Data excerpt:
__________________________________________________

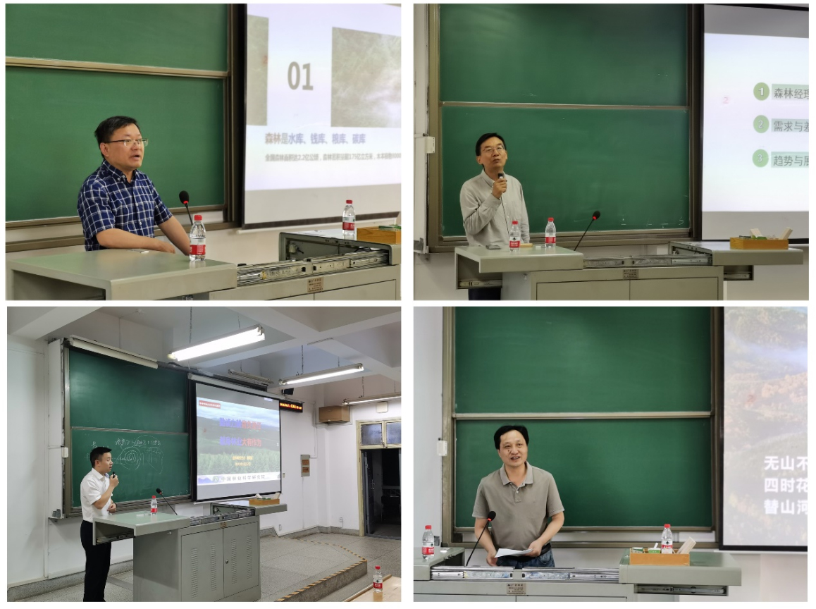在5月12日晚上进行的报告中,雷相东研究员做了题为“探秘森林经理科学研究,助力绿水青山就是金山银山”的报告。他从世界上有多少株树、这些树木有多高、最高的树木在哪里等问题开始,重点介绍了森林经理的研究实践内容与我国森林资源现状、需求、趋势与展望等内容,并对我国森林经理科研中形成的经验、不足和重点问题进行了介绍。报告结束后,雷相东老师就同学和老师们提出的相关问题进行了回答和交流。随后,林学校友田晓堃处长围绕中国林科院相关院所人才培养、研究生招生情况进行了生动介绍,并结合自身经历,鼓励在座同学扎实培养林业科学研究的综合能力和前沿视野,响应国家生态文明建设战略,积极投身绿水青山就是金山银山理论实践。
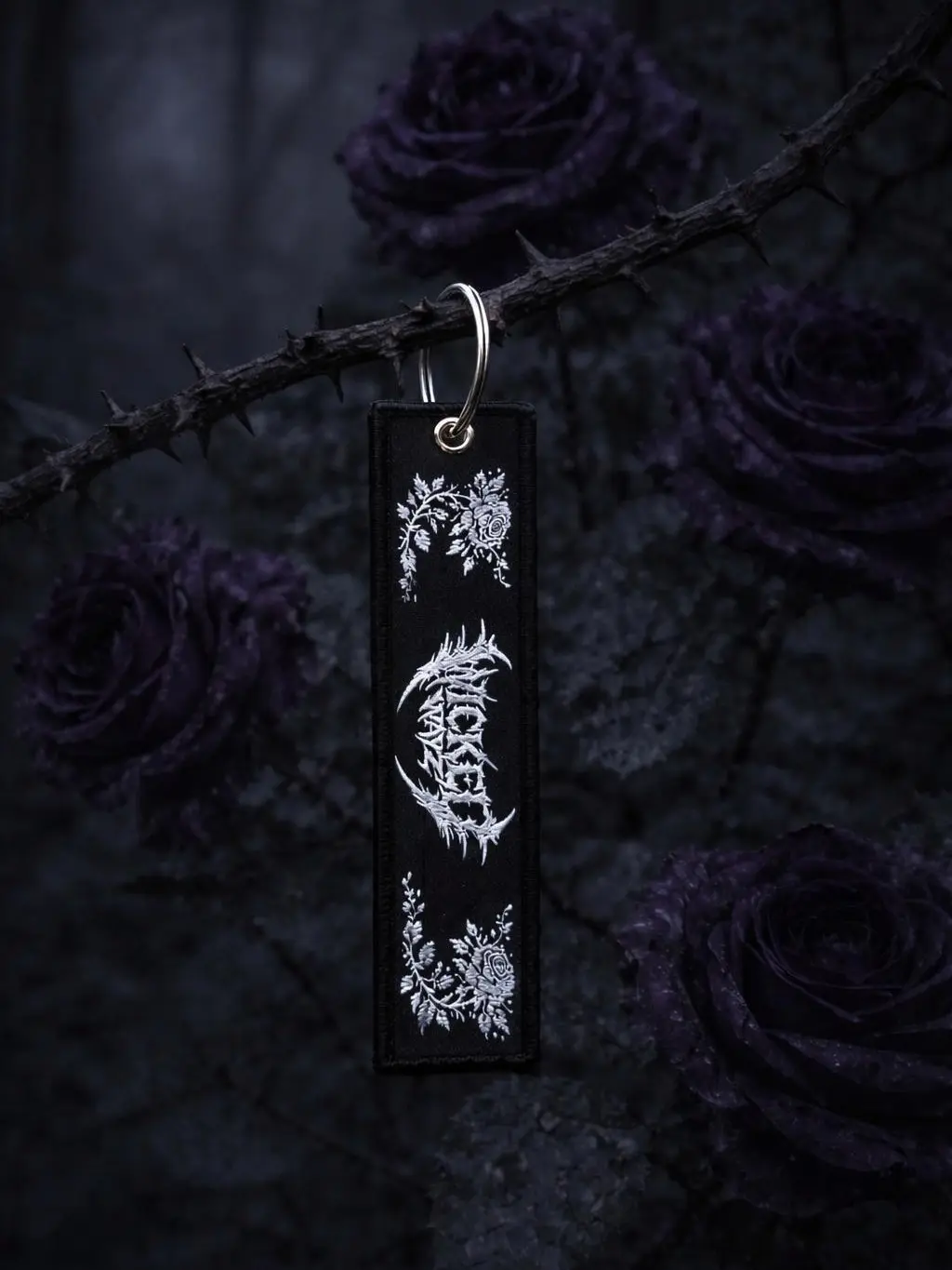 This double-sided woven key tag features the Wicked Wayz insignia on one side—surrounded by flourishing roses in full bloom, symbolizing life, growth, and ascension. Flip it over, and the mantra “Rise Above the Damned” is framed by decaying, withering flowers, representing death, struggle, and what must be overcome.
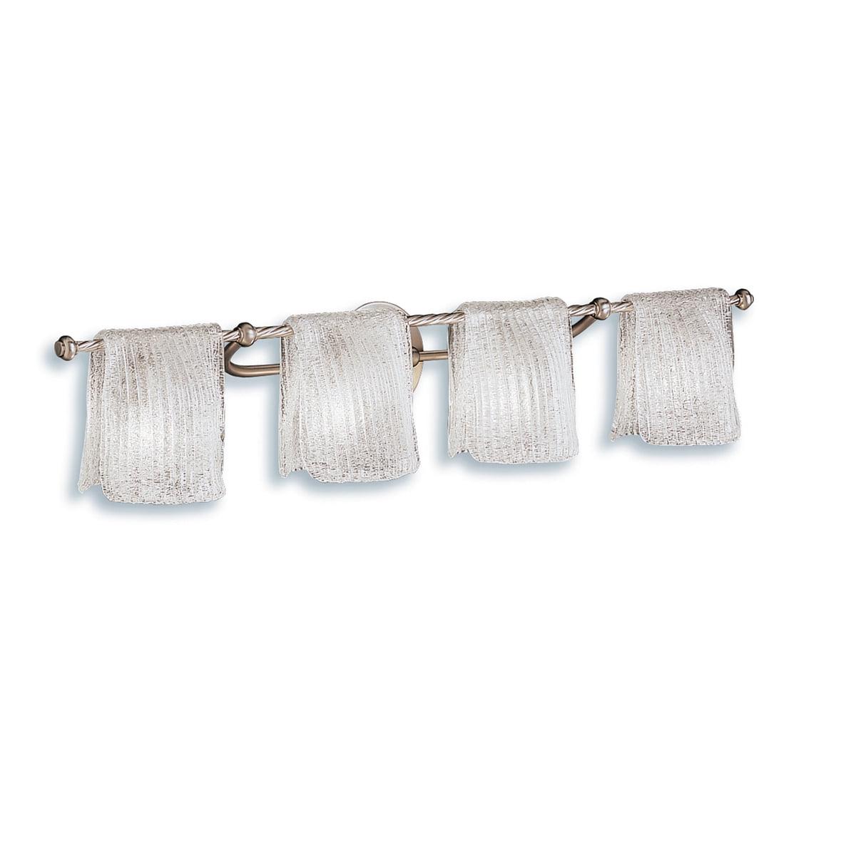 Kichler Lighting-6314NI-Collection: Drapes, Material: Steel, Finish Color: Brushed Nickel, Width: 35.25″, Height: 6.25″, Depth: 7″, Height From Outlet Box: 5″, Backplate Width: 5″, Backplate Length: 5″, Lamping Type: Incandescent, Number Of Bulbs: 4, Wattage: 60 Watts, Dimmable: No, Moisture Rating: Damp Rated, Desc: Just When You Think You’Ve Seen It All, Kichler Raises The Bar In Bath Lighting By Expanding Traditional Bath Design. This 4 Light Wall Fixture From The Drapes Collection Accomplishes A Superb Ambiance Through Creating The Look Of Towels On A Bar. This Innovative Design Coupled With A Brushed Nickel Finish And Clear Ice Glass Will Completely Transform The Look Of Your Bathroom. Back Plate Height: 5.00 / Back Plate Width: 5.00. ,-4 Light Wall Mount – With Transitional Inspirations – 6.25 Inches Tall By 35.25 Inches Wide

__________________________________________________

Problem requirements: Omit the pictures, then output the rest of the listing exactly.

Solution to this task:
在5月12日晚上进行的报告中,雷相东研究员做了题为“探秘森林经理科学研究,助力绿水青山就是金山银山”的报告。他从世界上有多少株树、这些树木有多高、最高的树木在哪里等问题开始,重点介绍了森林经理的研究实践内容与我国森林资源现状、需求、趋势与展望等内容,并对我国森林经理科研中形成的经验、不足和重点问题进行了介绍。报告结束后,雷相东老师就同学和老师们提出的相关问题进行了回答和交流。随后,林学校友田晓堃处长围绕中国林科院相关院所人才培养、研究生招生情况进行了生动介绍,并结合自身经历,鼓励在座同学扎实培养林业科学研究的综合能力和前沿视野,响应国家生态文明建设战略,积极投身绿水青山就是金山银山理论实践。
 This double-sided woven key tag features the Wicked Wayz insignia on one side—surrounded by flourishing roses in full bloom, symbolizing life, growth, and ascension. Flip it over, and the mantra “Rise Above the Damned” is framed by decaying, withering flowers, representing death, struggle, and what must be overcome.
 Kichler Lighting-6314NI-Collection: Drapes, Material: Steel, Finish Color: Brushed Nickel, Width: 35.25″, Height: 6.25″, Depth: 7″, Height From Outlet Box: 5″, Backplate Width: 5″, Backplate Length: 5″, Lamping Type: Incandescent, Number Of Bulbs: 4, Wattage: 60 Watts, Dimmable: No, Moisture Rating: Damp Rated, Desc: Just When You Think You’Ve Seen It All, Kichler Raises The Bar In Bath Lighting By Expanding Traditional Bath Design. This 4 Light Wall Fixture From The Drapes Collection Accomplishes A Superb Ambiance Through Creating The Look Of Towels On A Bar. This Innovative Design Coupled With A Brushed Nickel Finish And Clear Ice Glass Will Completely Transform The Look Of Your Bathroom. Back Plate Height: 5.00 / Back Plate Width: 5.00. ,-4 Light Wall Mount – With Transitional Inspirations – 6.25 Inches Tall By 35.25 Inches Wide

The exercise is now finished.